Johnny Smalls ... Chris Parnell
Dennis Goodman ... Brad Garrett
[Scene opens in a very nice office. A sign on the
wall reads "Goodman Talent Agency." A very tall man
is sitting behind a desk, while a midget sits on a
chair in front of him. I don't know how they make
Parnell appear to be a midget, that's for the makeup
department to decide.]
Dennis: Thank you, Mr. Smalls, and welcome to our
talent agency. I see on your resume that you are an
actor?
Johnny: Yes sir. Ten years experience. Stage as
well as screen. I've done some singing as well.
Dennis: [reading his resume] I see here you were in
The Terror of Small Village. That was a good picture.
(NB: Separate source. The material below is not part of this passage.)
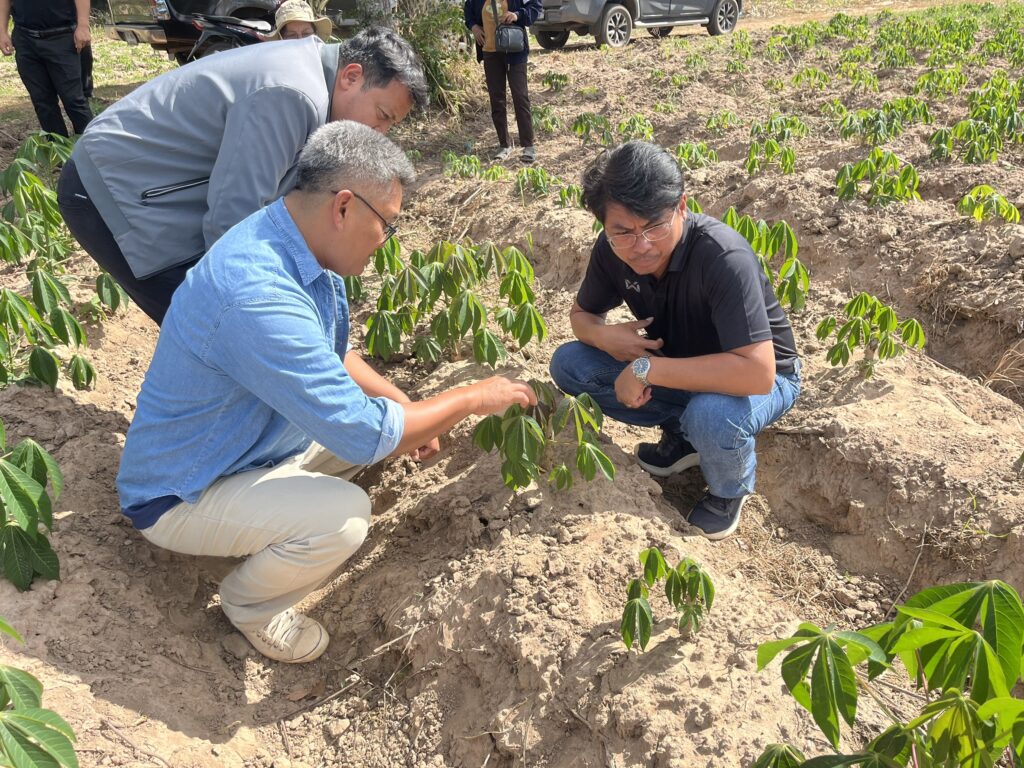 วันที่ 24 ธันวาคม 2568 นายอดิศักดิ์ เทพาศิริ นักวิชาการส่งเสริมการเกษตรชำนาญการพิเศษ รักษาราชการแทนเกษตรอำเภอห้วยเม็ก พร้อมด้วยเจ้าหน้าที่สำนักงานเกษตรอำเภอห้วยเม็ก ร่วมกับเจ้าหน้าที่กรมส่งเสริมการเกษตร นำโดย นายนิพิจ พินิจผล ผู้อำนวยการกองขยายพันธุ์พืช และเจ้าหน้าที่ศูนย์ขยายพันธุ์พืชที่ 7 จังหวัดมหาสารคาม ลงพื้นที่เยี่ยมชมการดำเนินงานของกลุ่มเกษตรกร โครงการผลิตและขยายพืชพันธุ์ดีเพื่อเพิ่มประสิทธิภาพการผลิตและยกระดับความมั่นคงด้านอาหาร และโครงการผลิตเมล็ดพันธุ์พืชตระกูลถั่วเพื่อเพิ่มศักยภาพการผลิตและยกระดับเศรษฐกิจชุมชนอย่างยังยืน ประจำปีงบประมาณ พ.ศ.2569 ซึ่งเป็นการบูรณาการร่วมกันกับสำนักงานเกษตรจังหวัดกรมวิชาการเกษตร ฯลฯ โดยมีการจัดทำแปลงขยายพันธุ์มันสำปะหลัง พันธุ์อิทธิ 1 ในพื้นที่ปลูกจำนวน 10 ไร่ อายุปลูก 2 เดือน ณ แปลงเกษตรกรบ้านหนองแก ตำบลทรายทอง อำเภอห้วยเม็ก จังหวัดกาฬสินธุ์

Johnny: Oh yes, that one was a blast. I played the
evil "Dr. Little". [They both chuckle] It was a lot
of fun.
Dennis: And wait, you were in Titanic?
Johnny: No, that should read "Tiny-tanic." It was
set on a small ferryboat.
Dennis: Oh, sorry, I must have misread that. Anyway,
what is it I can help you with today?
Johnny: Well, I am trying to move away from the
traditional "little person" roles and I wanted some
new representation. I'm looking to go in a new
direction with my career.
Dennis: A new direction?
Johnny: Yes, I'm getting tired of being offered the
same old roles. You know, the little villain, or the
little sidekick, or the frightening hobbit. You know,
the traditional little person roles. I want to expand
my acting chops.
Dennis: Well, Mr. Smalls, I do have to say I don't
get a whole lot of calls for midget roles during the
week here.
Johnny: Please, it's not midget. We're called
"little people."
Dennis: [ignoring him] But let me pull up some files
and I'll see what I can find for you. [He rustles
through his desk, pulling out large folder after large
folder. Finally he comes to a small pamphlet, and
opens it.] Ah, here we go, midget roles. Hmmmm...
[perusing the list] Here's a role for a sidekick.
Does that interest you?
Johnny: Well, to tell you the truth, I'm tired of
playing a little sidekick. That seems to be all I do.
Do you have any leading roles?
Dennis: Ah, here's one. [pulls out a sheet of paper]
The film is called "Little Mac," the story of a
midget detective who fights crime.
Johnny: Fights crime! All right, what else does it
say?
Dennis: [reading further] "Little Mac is a comedic
tale of a small detective fighting crime in a big
world. Set to a whimsical bassoon score, Little Mac
is repeatedly bashed over the head with a sack of
flour during the course of the film. In one scene, he
bites the ankle of the crime boss in hand-to-hand
combat, and won't let go! It's a most amusing scene!"
Well, there you go!
Johnny: Um... I don't think that's quite what I am
looking for. Whimsical bassoon music?
Dennis: Sure, every good midget movie needs whimsical
bassoon music. It's, like... your theme song.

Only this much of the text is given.